Someone To Love

Last Sunday, a tiny-but-pudgy ball of puppy fat and soft white fur was brought to my house. As I held him, my fingers got lost in his velvety fat rolls, and I knew it was the kind of love that would endure all violations of house rules, messes on the carpet, sleepless nights, and chewed shoes. And when his green-brown eyes met mine, I knew that this was the kind of love that would last forever, even knowing this four-legged angel would only be with me for one year.

Cale, named for JJ Cale, a musician born in Oklahoma City, has been chosen for an extraordinary life. Dogs are extraordinary in any case, giving unconditionally, forgiving immediately, listening and understanding without judgment. But this dog, this baby dog, will become someone’s link to independence. He will become someone’s truest friend and his or her bridge to freedom. He will, if I do my job right, wear the cape that says, “I am special.”

I am a Puppy Raiser, and though it is true this is not a title that means I elevate puppies onto pedestals of Roman God worthiness. My “job,” a misnomer that implies work for pay, is to care for and teach this baby dog until he becomes a mature, calm, socialized, and well-mannered adult, at which time he will learn his trade: that of a service dog. My reward for having done this well is that this dog will be taken away from me.

Heartbreaking, right? Yes I’m sure it will be heartbreaking, and I will meet his departure with tears (okay sobs). Why would I do this? Why would I subject my heart to such certain pain and suffering? Why would I put in the time, the money, the endless effort required to house a weeks-old, unhousetrained puppy?

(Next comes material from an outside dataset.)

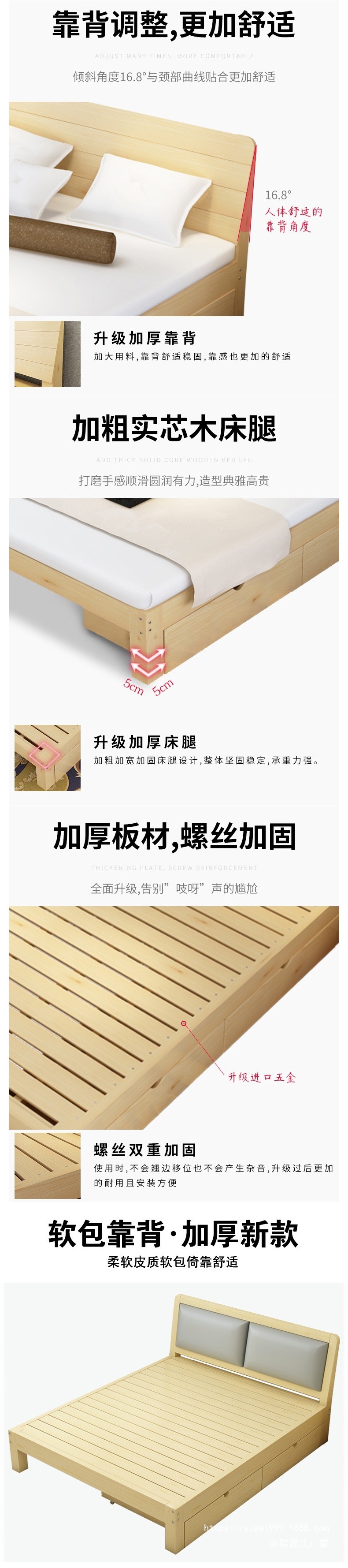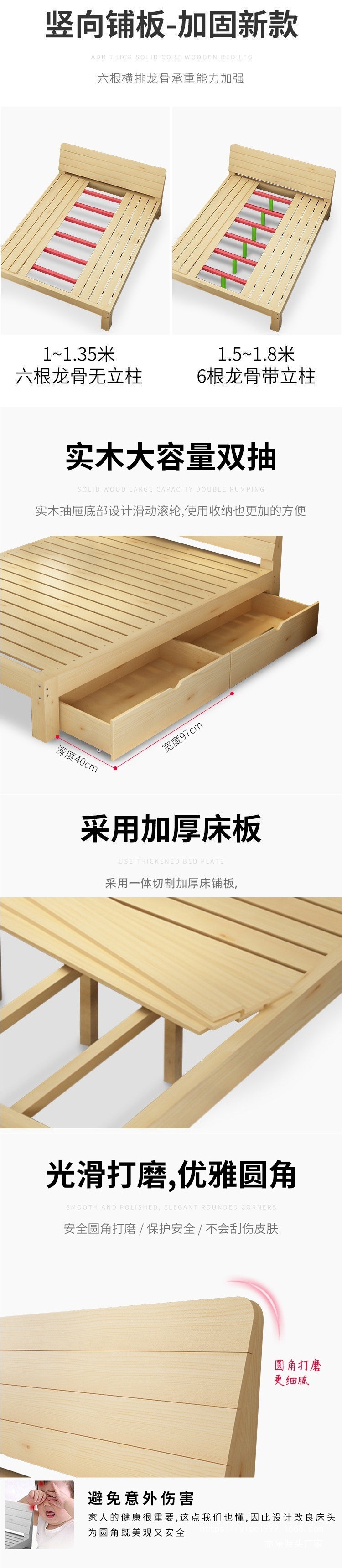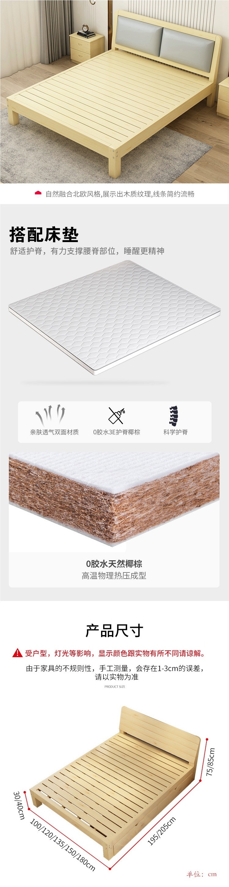 원목 침대 1.5m 소나무 더블 침대 1.8m 경제적인 모던 심플 임대실 심플 싱글 침대 프레임 1개

And why, on this great earth, would I do this voluntarily, knowing at the end I will be hopelessly attached and heartbroken when he goes?

The answer is simple: he is destined for much greater things than to protect me from emotional pain! He might be someone’s hands some day, or their legs, or their lifeline. How can I be so selfish as to hoard him for myself, knowing his gifts were meant for another? The truth is, after my heart breaks, it will grow back even bigger. This is the most selfish reason of all to do what I do: it makes me feel good.